- **Assignment**
Starting at the line that contains "數(shù)九添寒意,慰問暖" and stopping after the line that contains "A Divine Embrace", transcribe the listing below exactly; do not include any pictures.

- **Available data**

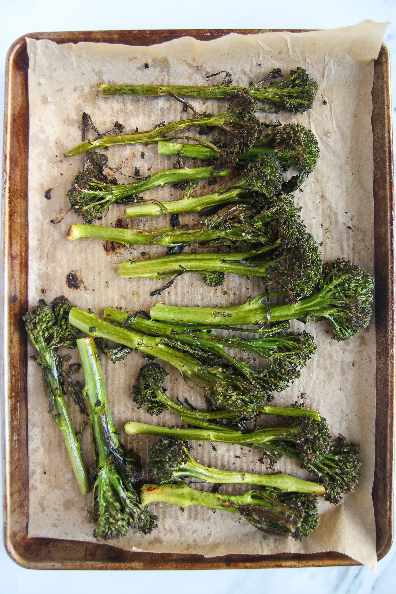 - Preheat the oven to 425℉ and line a large baking sheet with parchment paper. Rinse the broccolini with water and pat it dry with a clean towel. Transfer to the prepared baking sheet. Toss with olive oil, sea salt, and fresh black pepper.
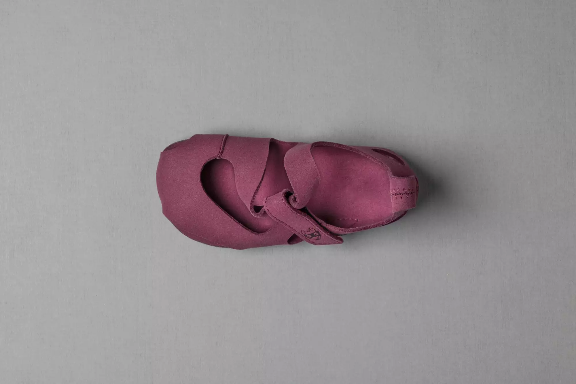 Fuß und Sandale gehen bei der Pflaumenfeder eine optimale Verbindung ein. Durch den Riemen am großen Zeh sorgt der Windlass-Mechanismus für sicheren Halt.
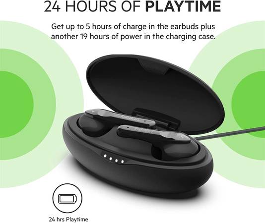 RECHARGE ON-THE-GO: With up to 5 hours of playtime per charge, plus another 19 hours in the case, you’ll never be without all-day power for your earbuds (wireless charger not included)
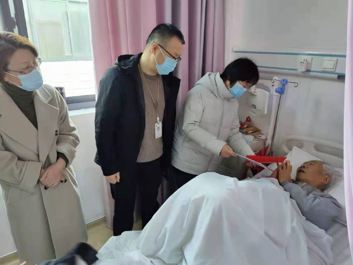 數(shù)九添寒意,慰問暖人心。壬寅虎年春節(jié)來臨前夕,為切實關(guān)心關(guān)愛離休老干部,1月20日上午,泰州市委老干部局副局長陳宇清、服務(wù)保障處處長郭春玲等一行人來到我院,同我院副院長殷勇、醫(yī)務(wù)處處長曹新建等走訪慰問在院離休老干部,為在院離休老干部送去關(guān)懷和慰問,并表達新春祝福。
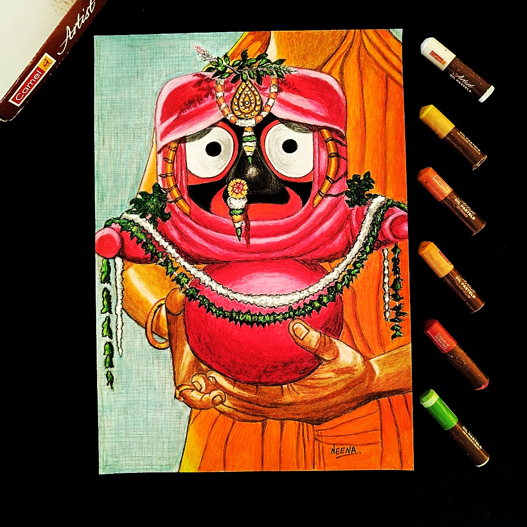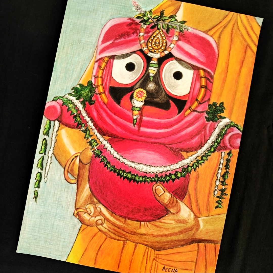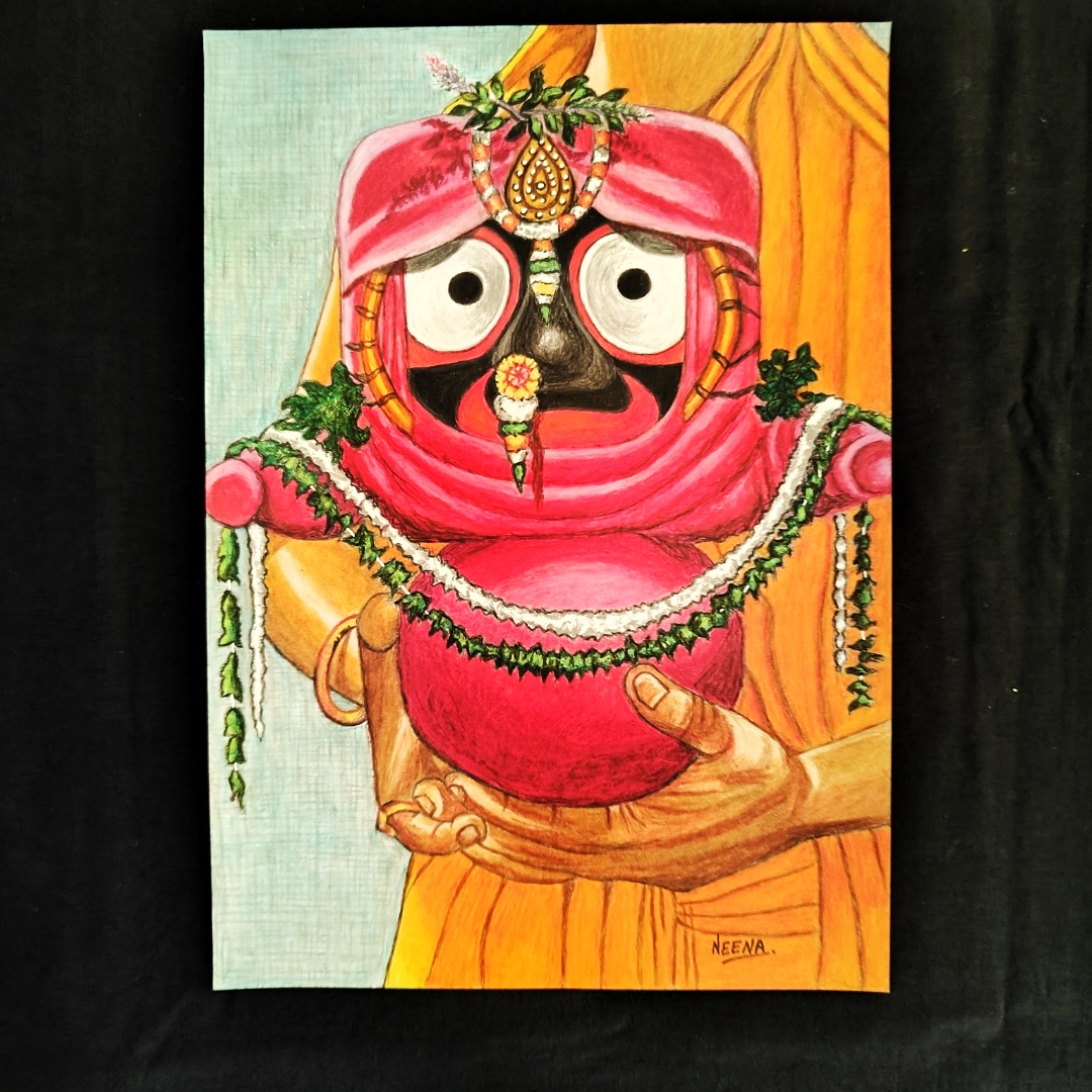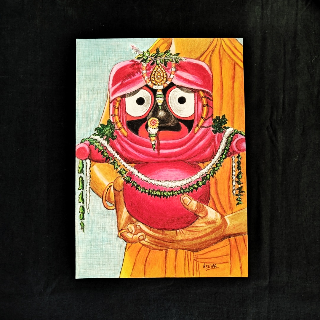 A Divine Embrace – Elegant Handmade Artwork of Lord Jagannath in Vibrant Attire carried with Love (A4 Size)
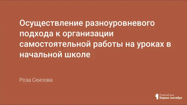 В статье изложен опыт работы учителя по осуществлению дифференцированного подхода к организации разноуровневой работы на уроках на начальной ступени образования. Эта работа позволит учителю создать благоприятные условия для гуманизации образования, творческого развития каждого ученика с учетом его индивидуальных способностей.
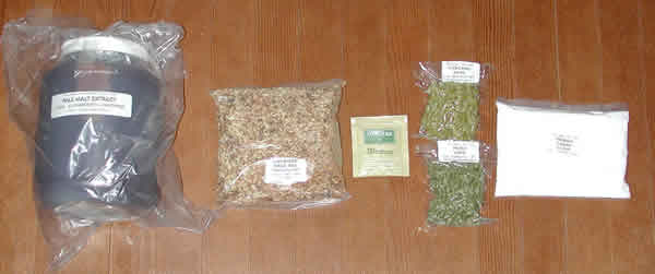 左から、モルトシロップ、乾燥モルト、アメリカンペールエール用ビール酵母、ホップ(ペレット)2種類、炭酸ガス用砂糖
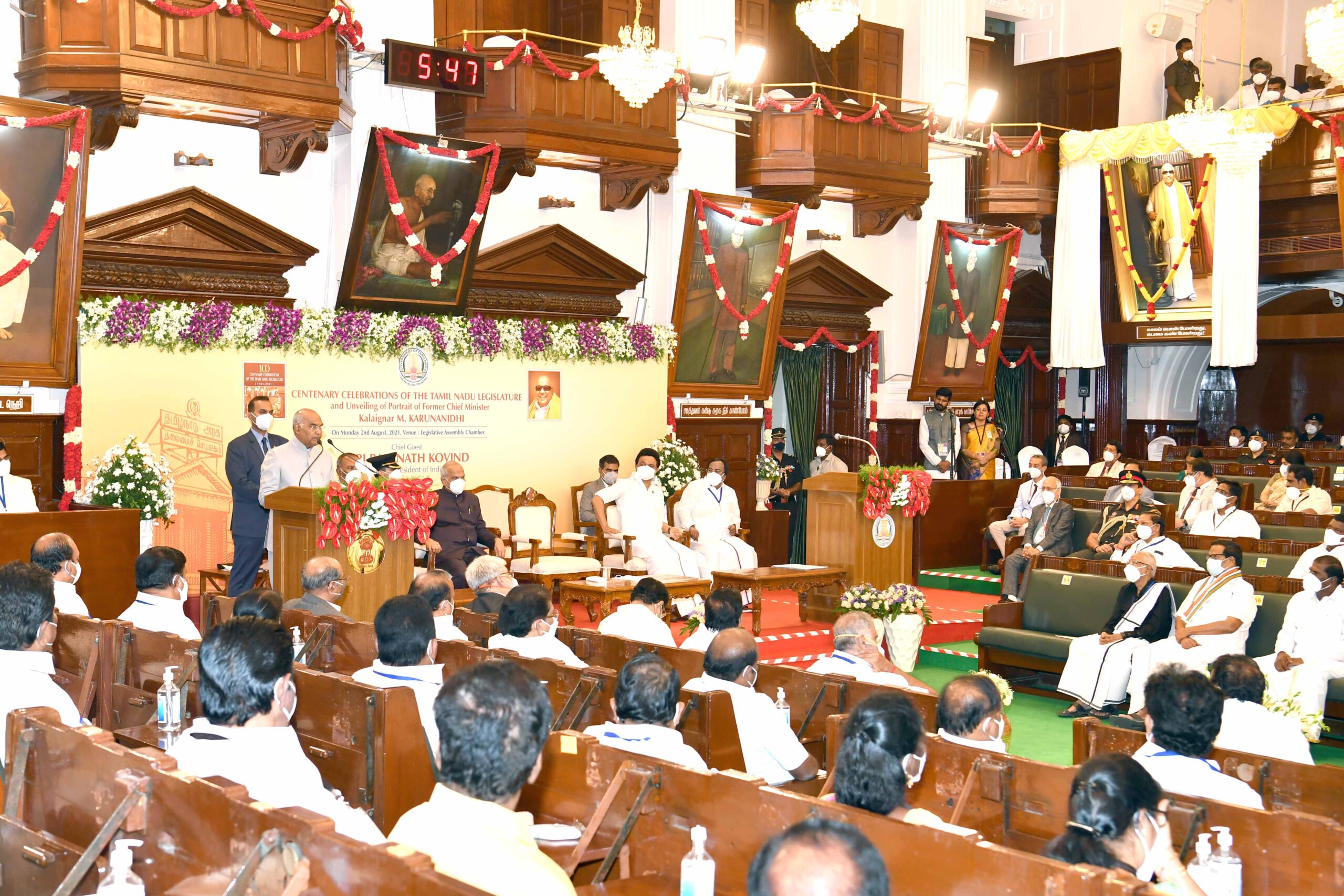 The Madras Legislative Council had sown seeds of a fully representative democratic form of governance which were realised after Independence, said the President of India, Shri Ram Nath Kovind. He was speaking at the commemoration of the 100th year of the Madras Legislative Council in Chennai today (August 2, 2021). He also unveiled a portrait of the former Chief Minister of Tamil Nadu, Dr Kalaignar M. Karunanidhi in the premises of the Legislative Assembly of Tamil Nadu on the occasion.
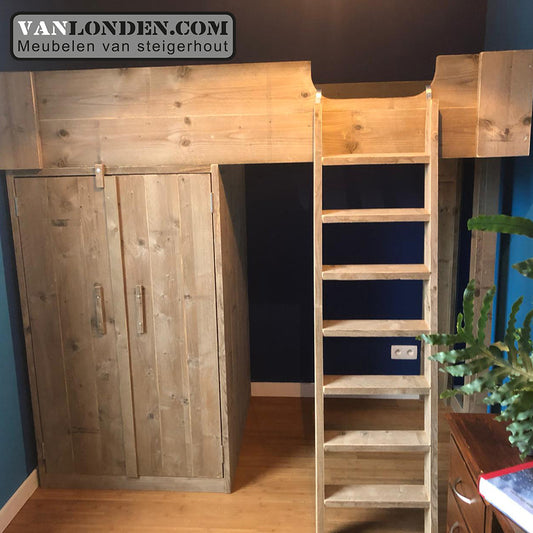 Steigerhouten hoogslaper met kast Rogier
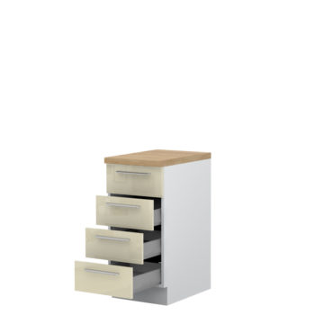 Kuhinjski element širine 40 cm ima četiri ladice i meko zatvaranje. Fronte su lakirane najnovijom tehnologijom UV lakiranja s kojom postižu visok stupanj sjaja – 99,70%. Ova tehnologija lakiranja pruža četiri puta bolju otpornost na fizičke udare i habanje od standardnog laka. Radna ploča debljine 4 cm može se odabrati između sljedećih boja:
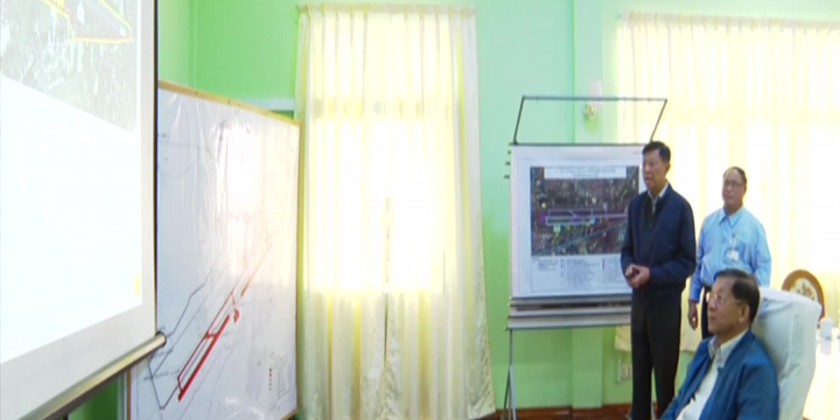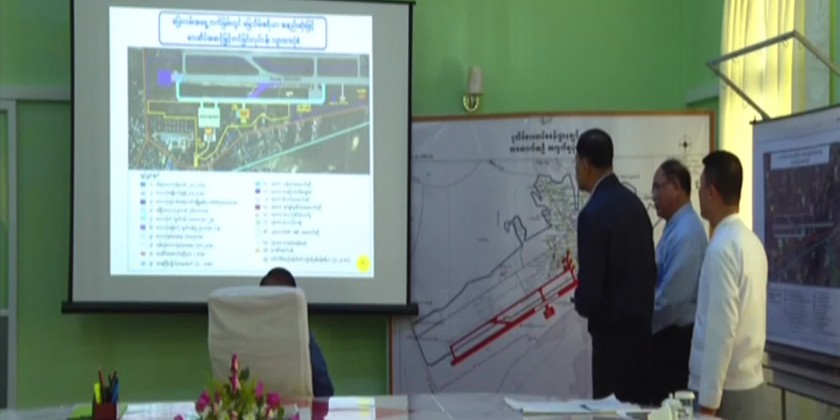 At the Pathein Airport lounge, Union Minister for Transport and Communications General Mya Tun Oo, Chief Minister U Tin Maung Win and officials presented reports on airport's history and plans for enhancement.

- **Your solution**
 數(shù)九添寒意,慰問暖人心。壬寅虎年春節(jié)來臨前夕,為切實關(guān)心關(guān)愛離休老干部,1月20日上午,泰州市委老干部局副局長陳宇清、服務(wù)保障處處長郭春玲等一行人來到我院,同我院副院長殷勇、醫(yī)務(wù)處處長曹新建等走訪慰問在院離休老干部,為在院離休老干部送去關(guān)懷和慰問,并表達新春祝福。
 A Divine Embrace – Elegant Handmade Artwork of Lord Jagannath in Vibrant Attire carried with Love (A4 Size)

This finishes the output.